La primera sesión ordinaria del año de la Asamblea Legislativa Departamental de Potosí (ALD), en la que se debía aprobar tres proyectos de construcción, se convirtió en espacio de pulseta política porque asambleístas del Movimiento Al Socialismo (MAS) reflotaron su pedido de cesar de sus funciones al gobernador interino Marco Antonio Copa.
Al inicio de la sesión surgió el pedido de la asambleísta Karrie Puma Miranda (MAS) de que se modifique el orden del día incorporando el tema de la abrogación de la designación de Marco Copa como gobernador en suplencia temporal quien ejerce el cargo por el tiempo de impedimento del titular Jhonny Mamani.
El presidente de la Asamblea, Grover Yelma, aclaró que la resolución 142 establece que Copa deberá estar en el cargo por el tiempo de impedimento de Mamani y no llegó a la directiva ninguna nota de renuncia del titular, ni otro documento.
Además, señaló que no se puede abrogar una resolución, de acuerdo con el reglamento de la asamblea.
“Si ustedes quieren tratar este punto (anular la designación de Copa) hagan llegar un informe fundamentado”, afirmó.
Se puso a consideración la aprobación de la convocatoria, tal como estaba, sin incluir el punto relacionado a Copa.
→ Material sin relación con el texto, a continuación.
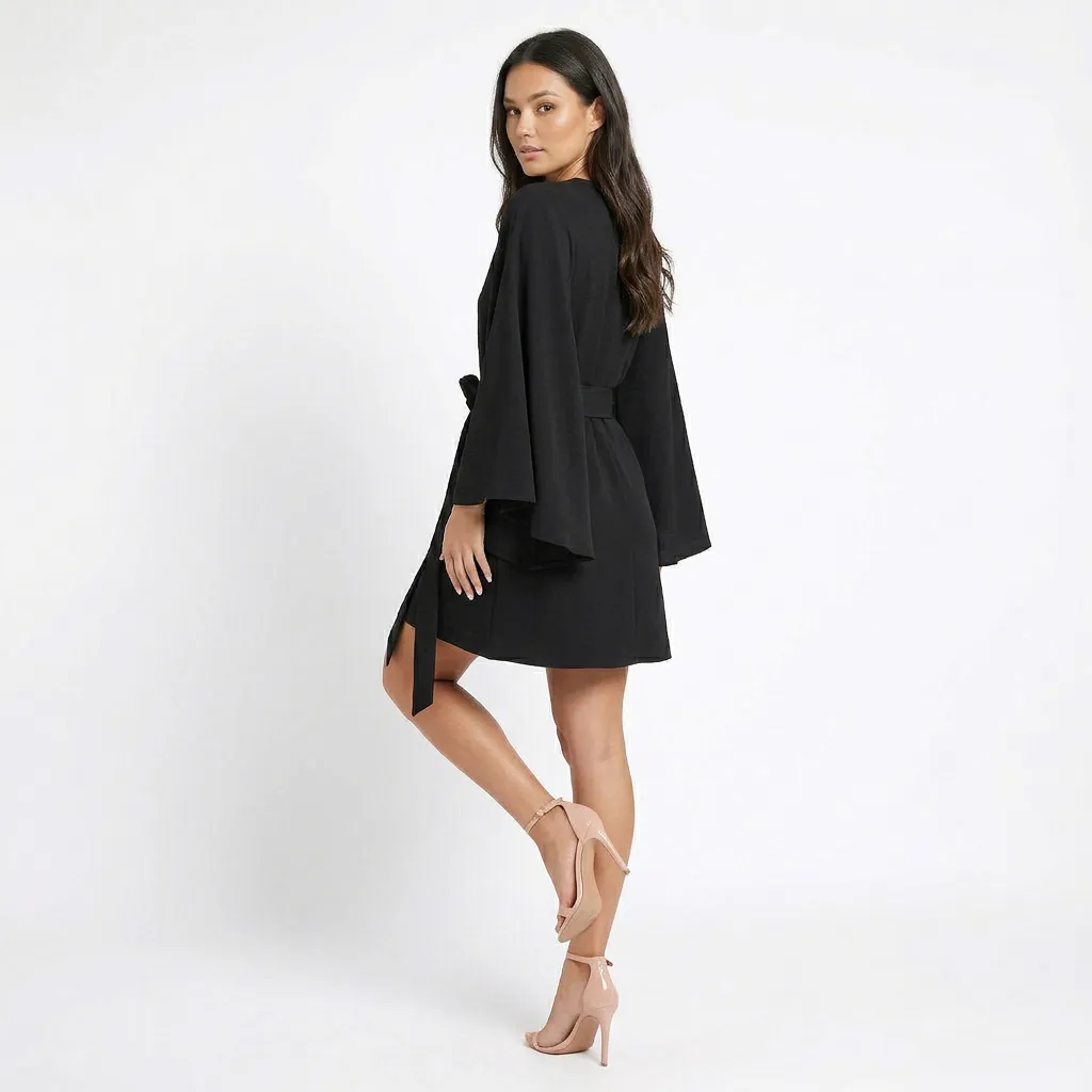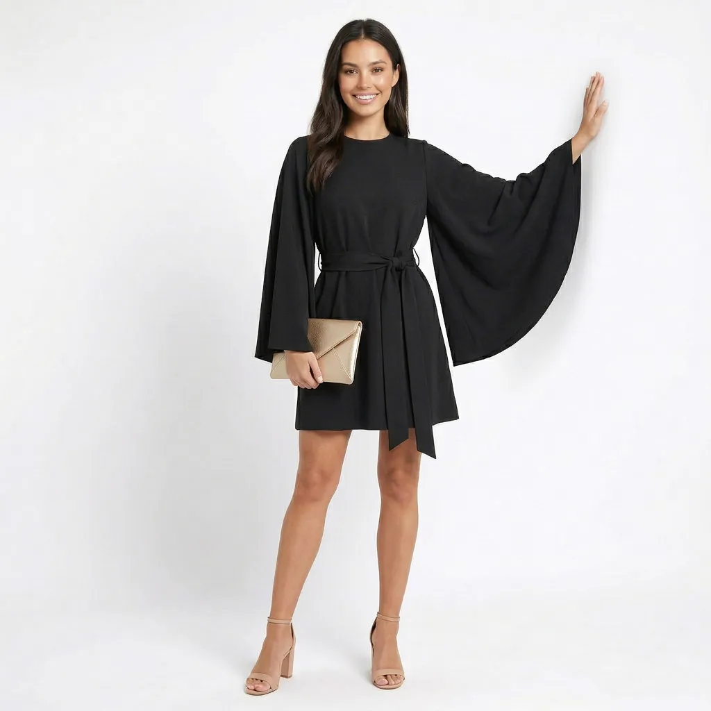 Krótka sukienka o minimalistycznej linii zyskuje teatralny akcent dzięki rozłożystym, kimono-podobnym rękawom przypominającym pelerynę. Prosty, okrągły dekolt i gładka góra z subtelnymi zaszewkami tworzą harmonijną, wysublimowaną formę, która skupia uwagę na geometrycznych konturach sylwetki.

Hubo seis votos, por lo que no se aprobó la convocatoria y se cerró la sesión. Tras ese cierre, Yelma salió del salón de deliberaciones y dejó a la directiva sin quórum para dirigir la sesión. Estos hechos ocurrieron en medio de una serie de actos irregulares como el silenciamiento de los micrófonos de los asambleístas, la interrupción de la transmisión pública y hasta el corte de la energía eléctrica.
Los asambleístas que se quedaron, los elegidos en las listas del MAS, AS y la agrupación de Marco Pumari, decidieron continuar la sesión calificando la salida de dos miembros de la directiva como una fuga. La sesión fue instalada bajo la dirección del segundo vocal, Reinaldo Romana, y la secretaria Amalia Capusiri.